Transaction Fee Mining and Mechanism Design
Michael Tang, Alex Zhang

TL;DR
This paper analyzes incentive issues in blockchain transaction fee mechanisms, surveying attacks, exploring incentive compatibility concepts, and evaluating classical and recent mechanisms like EIP-1559, highlighting fundamental incompatibilities and open problems.
Contribution
It provides a comprehensive analysis of incentive compatibility in blockchain fee mechanisms, introduces new perspectives, and compares classical and modern approaches including EIP-1559.
Findings
Incentive compatibility notions are provably incompatible in full form.
Classical and recent mechanisms exhibit different strengths and weaknesses.

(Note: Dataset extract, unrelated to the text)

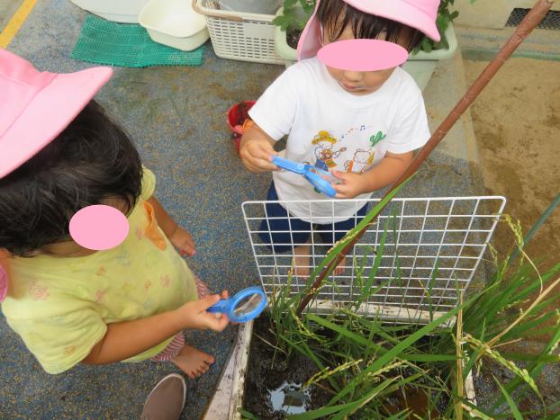 園庭で育てている稲を虫メガネで観察しました。
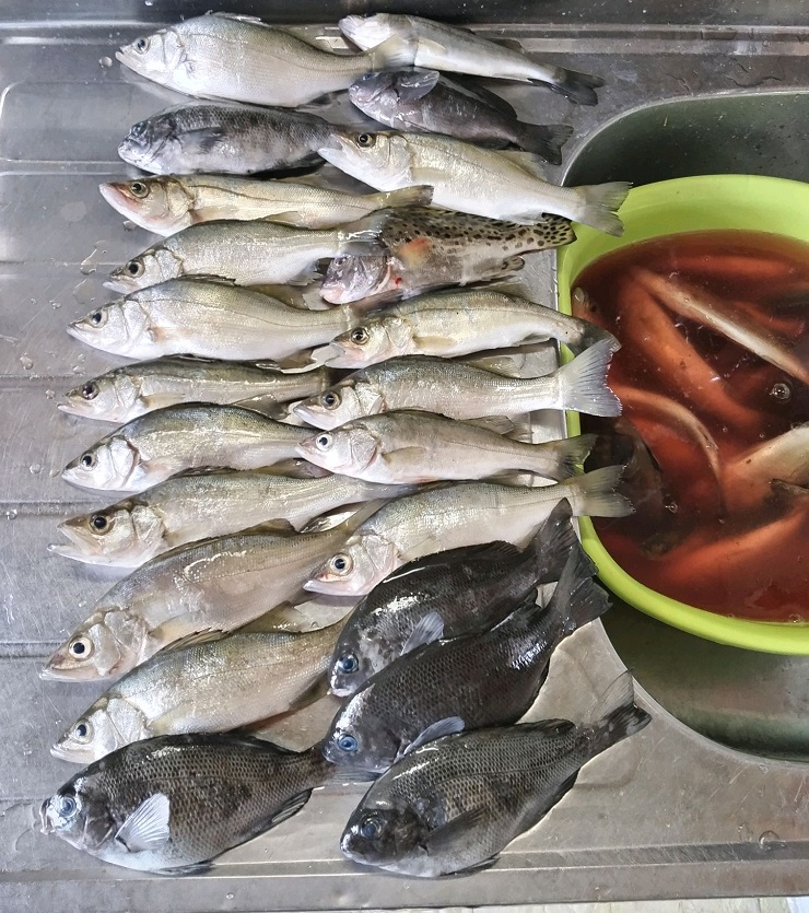 素晴らしく昔に浜名湖へ行ったっきりご無沙汰しておりまして今回は釣り場開拓に向かいます。名古屋北店から2時間あれば釣り場に居ますので北陸の敦賀より20kmほど近いですね、ポイントに着くと先行者3名遠くには何名も居るのでアクセスの良さで皆さん釣りに来られるみたいです。ポイントらしき場所で投げていると何か触るので丁寧に食わせると掛かった!上がって来たのは木っ端グレで次もグレ、3匹目にやっとセイゴが釣れて次もグレとナイターなのにグレが普通に食って来ます。そして浜名湖名物の下げ潮が効き出し流れが早くなる、しかしこの方がセイゴを食わせ易くしてくれてセイゴをポツリポツリと釣っているがイマイチなので場所を動きながら探ると居ました!浅い場所に投げると毎回アタリがありセイゴとグレが釣れて来ます。始めはサイズが小さいので逃がしていましたが後半で必要分をキープしながら釣りド干潮で底が見えるぐらいになったので朝3時半終了です。昼間も調査しようと思っていましたが夜でも暑すぎて無理せず今回は早目で切り上げます。

Open problems remain in designing fully incentive-compatible fee mechanisms.
Abstract
Transaction fees represent a major incentive in many blockchain systems as a way to incentivize processing transactions. Unfortunately, they also introduce an enormous amount of incentive asymmetry compared to alternatives like fixed block rewards. We analyze some of the incentive compatibility issues that arise from transaction fees, which relate to the bids that users submit, the allocation rules that miners use to choose which transactions to include, and where they choose to mine in the context of longest-chain consensus. We start by surveying a variety of mining attacks including undercutting, fee sniping, and fee-optimized selfish mining. Then, we move to analyzing mechanistic notions of user incentive compatibility, myopic miner incentive compatibility, and off-chain-agreement-proofness, as well as why they are provably incompatible in their full form. Then, we discuss weaker…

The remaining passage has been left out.